The primary concern is a potential surge in international oil prices. Because Pakistan is highly sensitive to energy costs, a price spike would likely push NCPI inflation above the medium-term target range of 5% to 7% for much of FY27. Beyond inflation, the SBP is monitoring potential disruptions to external trade and the stability of remittance flows, both of which are vital for maintaining the current account deficit at a manageable level.

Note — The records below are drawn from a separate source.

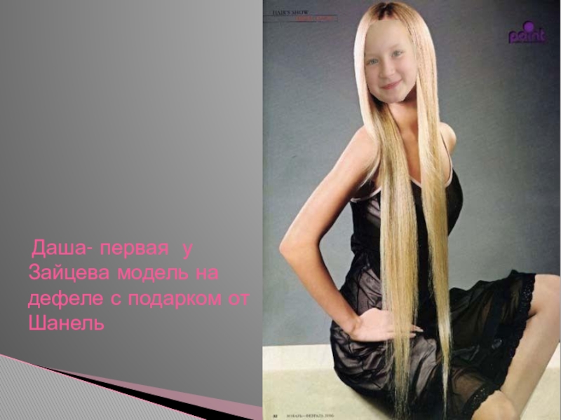 Слайд 13 Даша- первая у Зайцева модель на дефеле с подарком
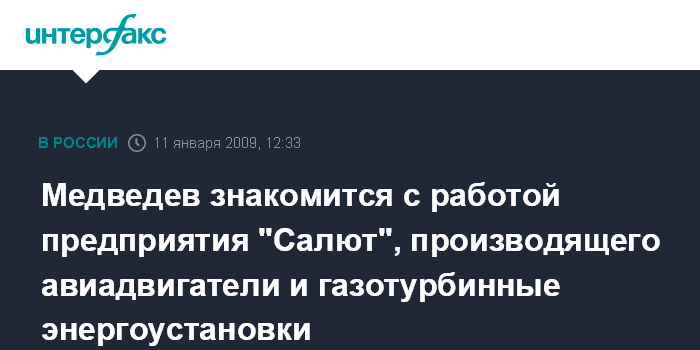 Москва. 11 января. INTERFAX.RU - Президент России Дмитрий Медведев посещает в воскресенье Московское машиностроительное производственное объединение "Салют".
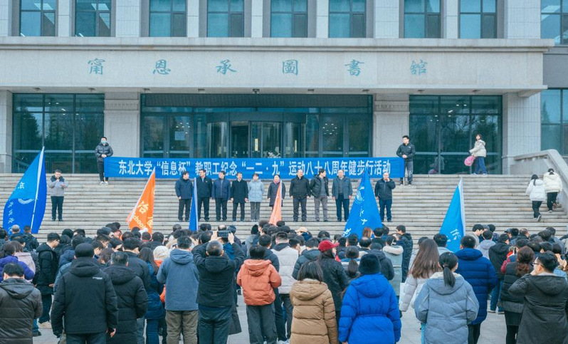 12月8日,东北大学在南湖校区和浑南校区同步举行“信息杯”教职工纪念“一二·九”运动八十八周年健步行活动。健步行活动由校工会主办,信息学院承办,学校22家分工会共计700余名教职工参与本次活动。
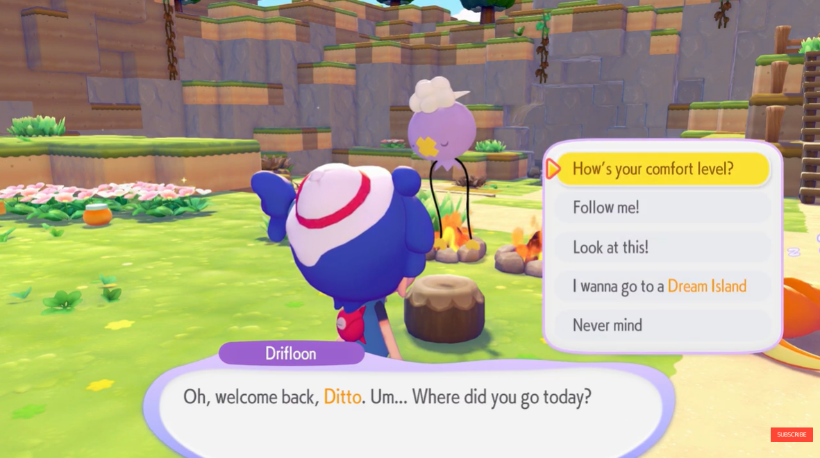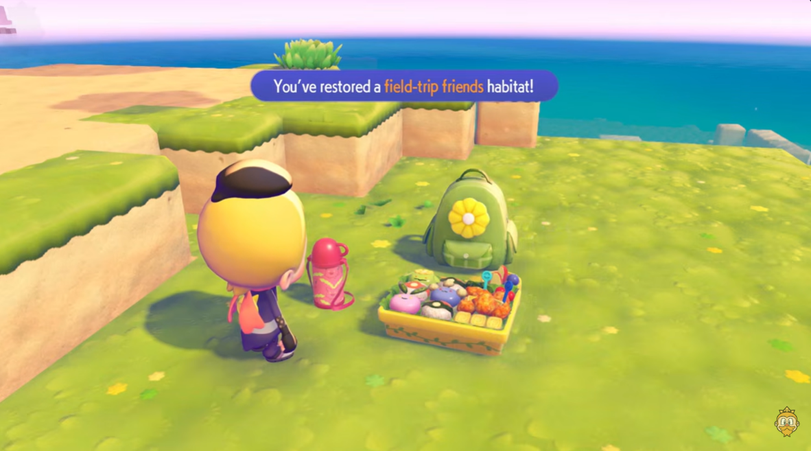 Pokopia uses a habitat attraction system where Pokémon spawn based on environmental themes. The Field Trip Friends Habitat recreates a grassy picnic environment, which matches Skiploom’s nature as a floating grass-type Pokémon that travels with the wind.
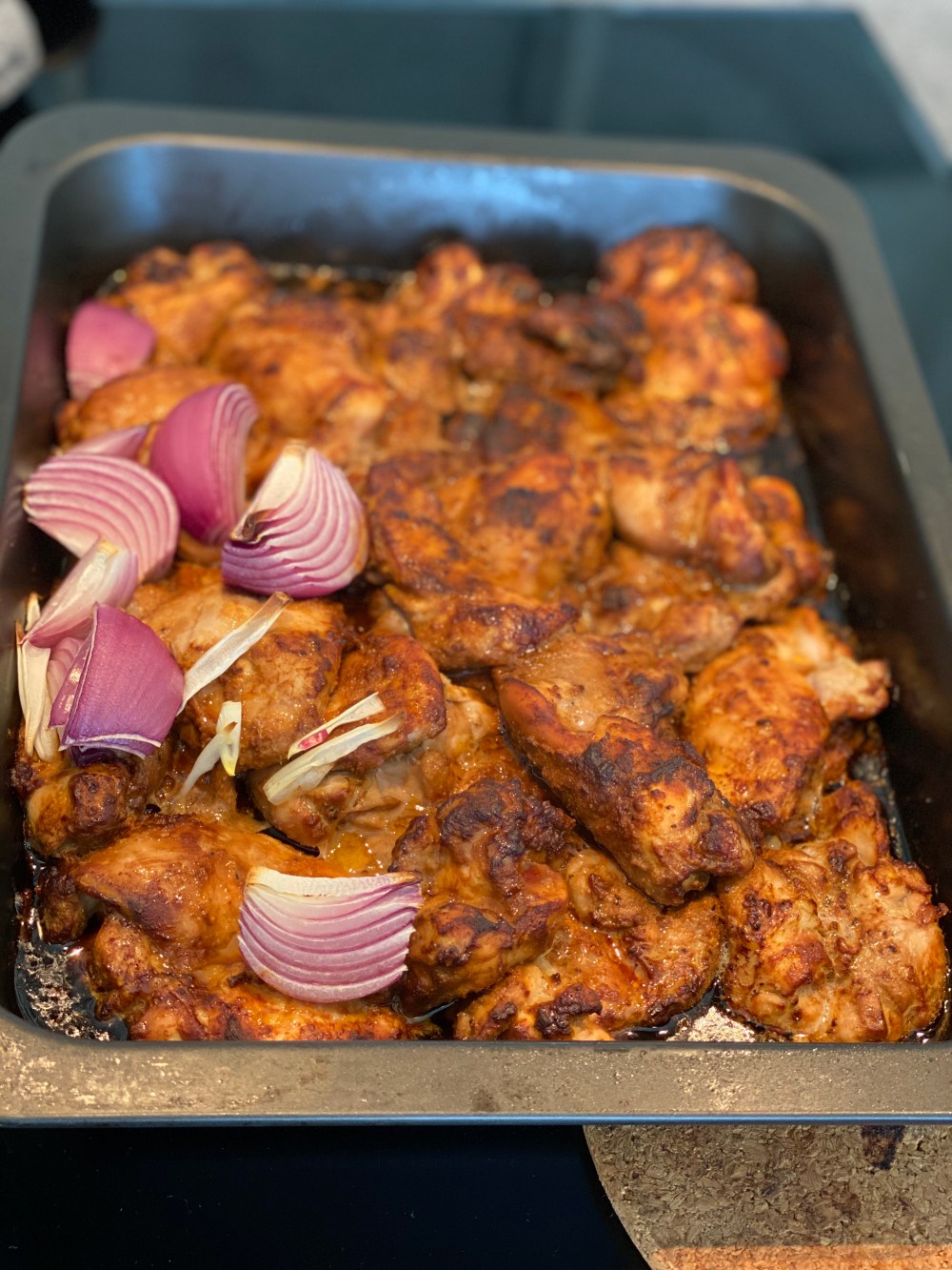 Lägg marinerade kycklingen i ugnsform (modell större) och kör i ugnen 200 grader i 30 min. De ska se färdiga ut och ha fin yta med vätska runt sig.

| Economic Indicator | H1-FY26 Performance / Projection | Revised Outlook / Trend |
|---|---|---|
| Real GDP Growth | Twice the pace of H1-FY25 | Trending toward 3.75% (Lower Bound) |
| NCPI Inflation | 5.2% (Average) | Risk of exceeding 7% in FY27 |
| Fiscal Balance | Surplus (First since FY02) | Maintaining consolidation measures |
| Current Account Deficit | Moderate levels | Trending toward 0-1% of GDP |
Structural Fragility and the Climate Burden
While the headline numbers are improving, the SBP warns that these gains are fragile without “deep-rooted economic reforms.” The report argues that Pakistan cannot transition to a sustainable high-growth path while grappling with chronic structural inefficiencies, such as a persistently low tax-to-GDP ratio, weak export competitiveness, and subdued foreign direct investment.
Adding to this fragility is the looming threat of climate change. The SBP dedicated a specific chapter to the crisis, noting that while Pakistan contributes very little to global greenhouse gas emissions, it remains the 15th-most affected country by climate events. The report highlights a dangerous gap between the country’s high vulnerability and its low level of preparedness.
The central bank pointed out that Pakistan’s GDP remains “carbon-intensive,” reflecting structural inefficiencies in how the country grows. To mitigate this, the SBP called for substantial investments in climate adaptation—funding that currently remains largely unmet due to a lack of international climate inflows and domestic financing challenges.
The Path Forward
Despite the risks, the prevailing mood among Pakistan’s financial leadership remains one of cautious optimism. SBP Governor Jameel Ahmad previously noted that the economy is better positioned to handle current shocks than it was during previous regional crises, thanks to improved external buffers and the stability provided by the IMF framework.
The immediate focus now shifts to whether the fiscal surplus can be maintained and if inflation can be kept in check despite the volatility in the Middle East. The market will be looking closely at the next quarterly update on high-frequency indicators—specifically the Purchasing Managers’ Index (PMI) and construction data—to see if the “war weight” on output accelerates or stabilizes.
Disclaimer: This article is for informational purposes only and does not constitute financial, investment, or legal advice.
The next critical checkpoint for the economy will be the full-year fiscal review and the subsequent IMF program assessment, which will determine if the current stability can be sustained through the end of FY26.